Possible pathways for methylation and oxidative demethylation of cytosine (DNMT: DNA methyltransferases; TET: ten‐eleven translocation enzymes; BER: base excision repair).

Results and Discussion

For selected aldehydes carrying aromatic substituents (Scheme 2) the relevant equilibrium data for the hydration reaction has been collected in Table 1. We also include formaldehyde (6) and acetaldehyde (7) here as two well studied small reference systems. Benzaldehyde (8) was employed as a prototype for aldehydes carrying aromatic substituents to verify the measurement strategy. 1‐Methyl‐5‐formyluracil (13 b), 5‐formyluracil (13 a), 5‐formylcytosine (4 a) and 1‐methyl‐5‐formylcytosine (4 b) have been synthesized and purified following modified procedures as described below.
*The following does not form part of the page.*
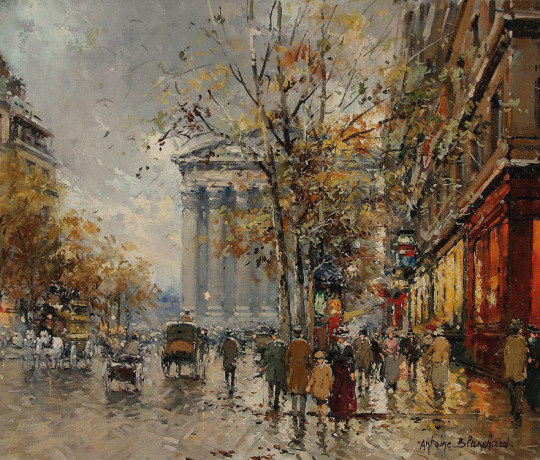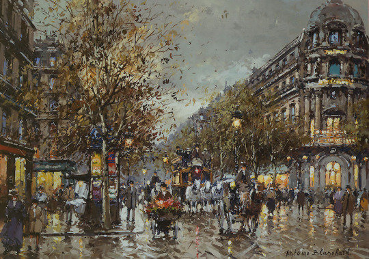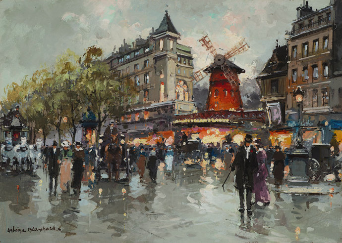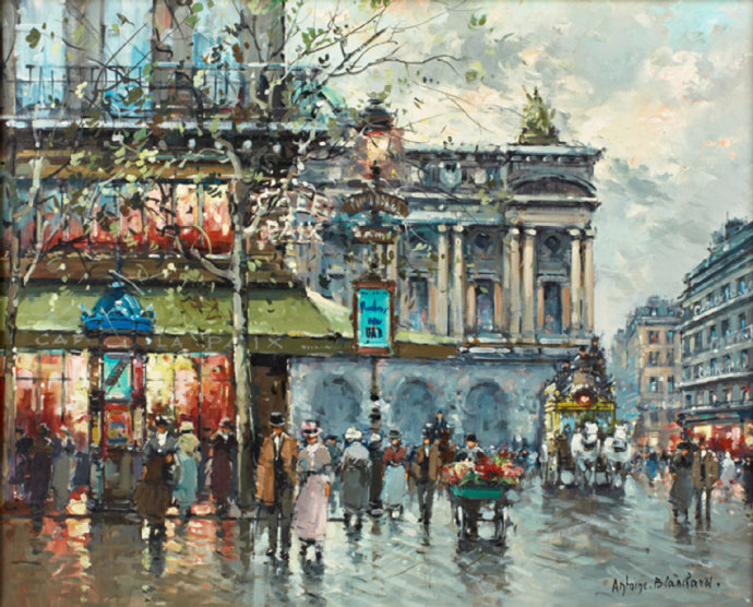 法国画家Antoine Blanchard笔下浪漫的巴黎。Blanchard 曾获得过罗马大奖,他的作品主要描绘不同季节和天气之中巴黎的美丽街景,喧嚣热闹的大街,有着明亮灯光的店铺,熙熙攘攘的人群是他画作的主要主题。

These model nucleobases retain the essential functionality of nucleotides while facilitating quantitative experimental and theoretical studies. ^[42]

Scheme 2.

Structures of aldehydes studied in this work.

Table 1.

Equilibrium constants for the hydration of selected aldehydes (p_ for the protonated form).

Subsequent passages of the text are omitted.